What the exercise asks
Of the lines listed below, return exactly those that run from the line containing "Chamaecyparis pisifera 'Sungold'" through the line containing "Halo Diamond white", both included.

Data for review
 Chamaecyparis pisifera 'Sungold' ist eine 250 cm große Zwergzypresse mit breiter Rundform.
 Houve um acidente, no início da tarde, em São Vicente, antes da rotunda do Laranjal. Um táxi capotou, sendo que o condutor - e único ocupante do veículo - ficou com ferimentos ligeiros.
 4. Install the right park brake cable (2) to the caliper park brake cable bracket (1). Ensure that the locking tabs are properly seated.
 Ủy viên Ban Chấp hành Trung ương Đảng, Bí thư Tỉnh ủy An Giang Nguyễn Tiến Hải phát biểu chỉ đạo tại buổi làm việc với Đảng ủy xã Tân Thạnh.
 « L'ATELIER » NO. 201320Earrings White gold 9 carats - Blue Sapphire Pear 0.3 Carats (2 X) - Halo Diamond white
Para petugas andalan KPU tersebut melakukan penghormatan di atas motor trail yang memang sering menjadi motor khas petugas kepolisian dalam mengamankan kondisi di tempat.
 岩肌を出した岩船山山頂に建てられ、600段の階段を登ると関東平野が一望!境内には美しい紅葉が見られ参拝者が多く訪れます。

...

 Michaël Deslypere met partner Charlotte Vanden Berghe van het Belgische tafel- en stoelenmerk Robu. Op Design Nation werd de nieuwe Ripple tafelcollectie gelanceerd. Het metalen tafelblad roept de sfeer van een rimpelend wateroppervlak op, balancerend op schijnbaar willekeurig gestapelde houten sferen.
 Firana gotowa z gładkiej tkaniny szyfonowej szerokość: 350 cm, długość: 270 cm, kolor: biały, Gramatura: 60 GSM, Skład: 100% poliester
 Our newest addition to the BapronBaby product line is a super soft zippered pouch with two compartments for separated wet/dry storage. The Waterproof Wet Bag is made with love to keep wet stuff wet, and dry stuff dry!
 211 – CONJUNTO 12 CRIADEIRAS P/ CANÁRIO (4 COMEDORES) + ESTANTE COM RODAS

Exercise answer
 Chamaecyparis pisifera 'Sungold' ist eine 250 cm große Zwergzypresse mit breiter Rundform.
 Houve um acidente, no início da tarde, em São Vicente, antes da rotunda do Laranjal. Um táxi capotou, sendo que o condutor - e único ocupante do veículo - ficou com ferimentos ligeiros.
 4. Install the right park brake cable (2) to the caliper park brake cable bracket (1). Ensure that the locking tabs are properly seated.
 Ủy viên Ban Chấp hành Trung ương Đảng, Bí thư Tỉnh ủy An Giang Nguyễn Tiến Hải phát biểu chỉ đạo tại buổi làm việc với Đảng ủy xã Tân Thạnh.
 « L'ATELIER » NO. 201320Earrings White gold 9 carats - Blue Sapphire Pear 0.3 Carats (2 X) - Halo Diamond white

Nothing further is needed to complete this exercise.